Our program adds virtually no costs to the overall production of STR markers, as an additional Illumina Sequencing Library, for example, can be produced by a third party for as little as $200 USD (quote from the Functional Genomics Laboratory at the University of California Berkeley, June 2014). Freely available, iMSAT generates a list of polymorphic STR markers in a fast and cost-effective manner. Although iMSAT recovers far fewer potential STR markers than other programs, its ability to identify candidate polymorphic greatly outweighs the reduction in total numbers of potential markers. Most studies based on STRs have used relatively few markers (10–50) and, statistically, there is no need to develop upwards of 12,000 STR markers that is possible using NGS technologies. The ‘novelty’ of our approach is to use the polymorphism data provided by the raw sequence reads themselves to identify candidate STR markers, and our program takes advantage of the output from existing software tools [28, 33, 34].
A similar approach to screening NGS sequence results for polymorphic regions before STR development has previously been presented by Hoffman and Nichols . These authors also pooled DNA extracts to create a single sequencing library for 454 sequencing, re-mapped the individual sequence reads to their de novo assembly, and targeted STR repeats that appeared polymorphic. While similar in that both approaches perform in silico polymorphism detection, ours has the advantages that by using barcoded libraries we were able to assign sequence reads to both of our populations of T. pallidus and C. juglandicola with only a single run each. This advantage is particularly valuable, as it allows the identification of markers that not only are likely to be polymorphic, but whose polymorphism can also be characterized as either within and/or between populations. This greatly increases the utility of the data in generating useful STR markers, and may in part explain the greater rate of success we observed in isolating polymorphic markers.

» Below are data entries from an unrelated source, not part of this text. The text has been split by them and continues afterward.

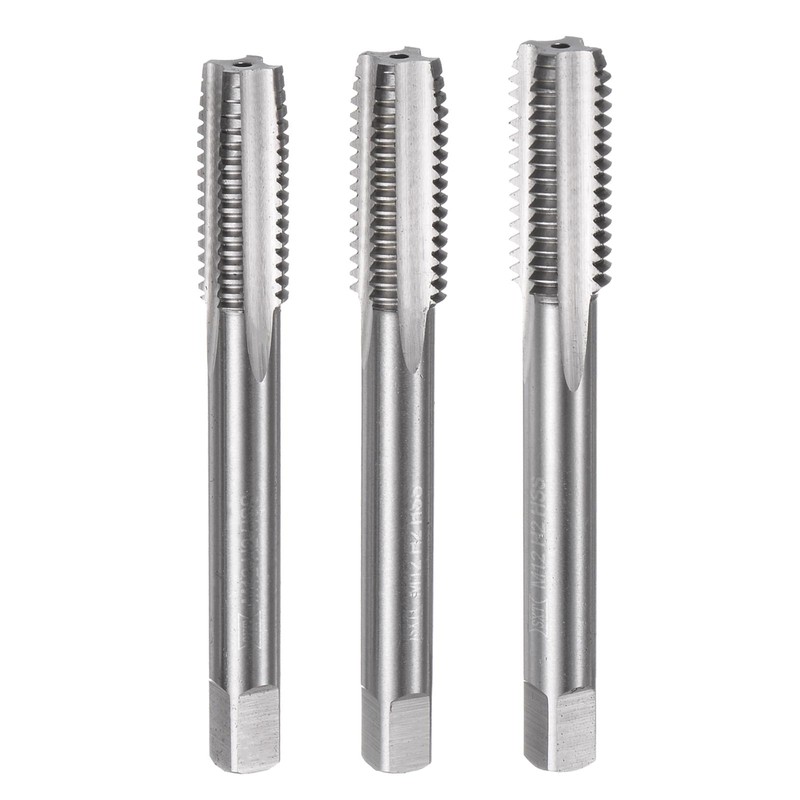 sourcing map 3pcs Metric Hand Tap Set, M12 x 1.75 Taper/Plug/Bottom Thread Screw Taps, High Speed Steel Hand Threading Tapping Tool Kit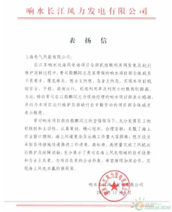 响水现场从第一台吊装开始到现在最后一台结束,共用时9个半月的时间。良好的运行状况,快速的故障响应处理速度,专业的调试、运维、排故的服务水平也受到了业主的好评并发来了表扬信。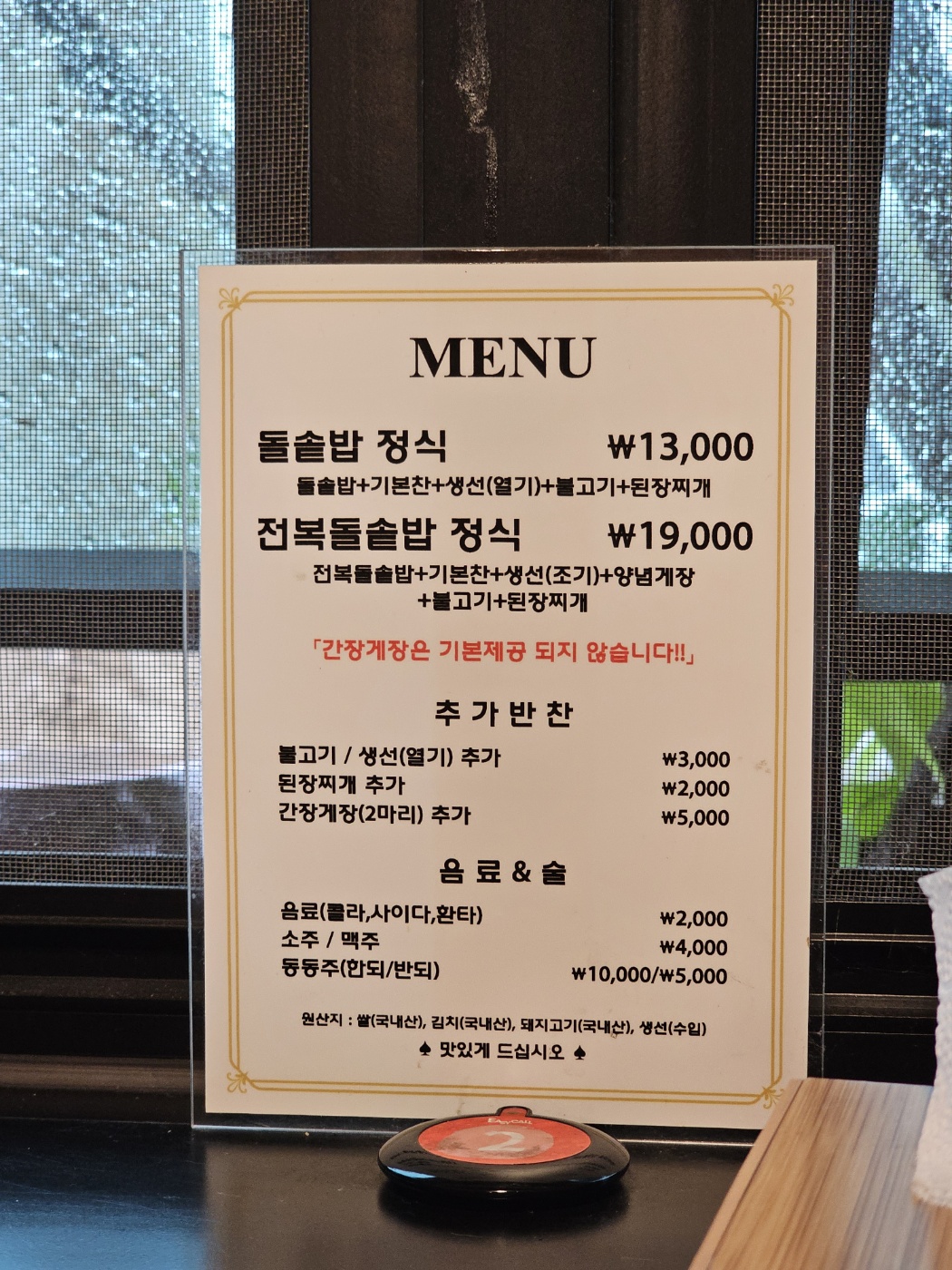 메뉴는 돌솔밥 정식과 전복돌솥밥이 전부이고 추가 반찬과 음료와 술이 있습니다.
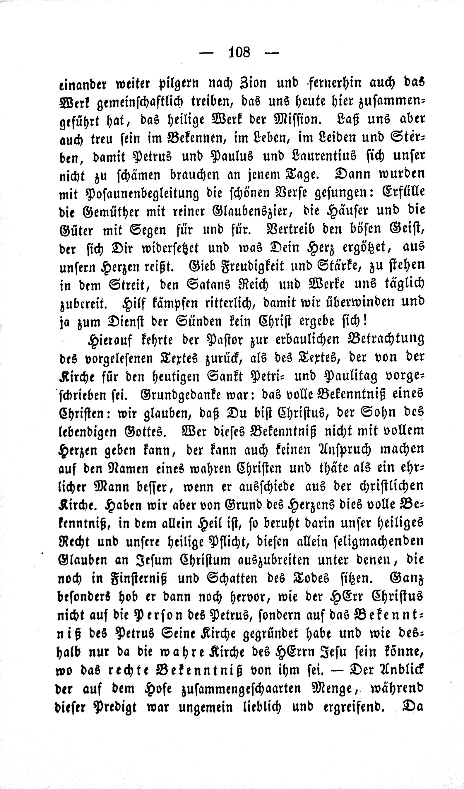 —108-— onward, continue to pilgrimage to Zion and further, also bring the work community together, which has united us today. Let us also be faithful in confession, in life, in suffering, and in death, so that Saint Peter, Paul, and Augustine may not be ashamed of them on that day. Then, with a procession of bells, beautiful verses were sung: Fill the hearts with pure faith, with houses and goods with blessings for, and for. Drive out the evil spirit that opposes you and what you desire, from our hearts. Give joy and strength to stand in the dispute of Satan’s reign and the works prepared for you. Help fight bravely, so that we can overcome and no longer yield to the service of sins to a Christian. Here, the pastor returned to the wholesome contemplation of the previous text, as the text that came from the church for today's Saint Peter and Paul. The principle was: the full confession of a Christian: we believe that you are Christ, the son of the living God. Anyone who cannot give this confession with a full heart can not claim the name of a true Christian and better be as a sincere man, if he departs from the Christian church. However, have we from the heart, in this alone, this full confession, that it is the sole right of our holy right and our holy duty, to spread this alone and holy faith in Christ under those who are still in darkness and shadow of death. Then, he then highlighted, how Christ does not put on Peter, but on the confession of Peter, and how it is half that only the true church of Christ is his. —- The sight of the congregation assembled on the grounds was extraordinarily lovely and magnificent.

Comparison of results with other species of insects
The availability of published genomes from several insect species allows for comparative genomic analyses, including examinations into the diversity and distribution of STR motifs. Behura and Severson  compared coding sequences from 25 species of insects representing five different orders. In contrast to our findings for T. pallidus and C. juglandicola, they found that tri-nucleotide repeats were the most common repeat type across insects. Their results may be inherently biased towards recovery of tri-nucleotide repeats, however, because they focused on coding regions of DNA where single or double base pair insertions/deletions are unlikely . Another recent study  examined both coding and non-coding regions, compared published whole genome sequence data from 12 species of insects representing six orders. Although most species had predominantly di- or tri-nucleotide repeats, no one type was dominant; even congeners differed in which type of repeats were most abundant. The most dramatic example occured between Drosophila simulans and D. melanogaster. While D. simulans had relatively equal proportions of di-, and tri-nucleotides as the most abundant repeat types, penta-nucleotide repeats were most abundant in D. melanogaster and twice more than any other type of repeat. Interestingly, they found that STRs were more common among the Hymenoptera and represented a higher percentage of the genome than in any of the other orders of insects examined. The Hymenoptera also differed from other orders in that di-nucleotide repeats were the most abundant type of repeat – between 2 and 5 times more frequent than tri-nucleotide repeats. For the aphid Acyrthosiphon pisum, di-nucleotide repeats were about half as abundant as in their examined hymenopteras. Contrary to our results for C. juglandicola, they also found that tri-nucleotide repeats were the most abundant type of repeat unit.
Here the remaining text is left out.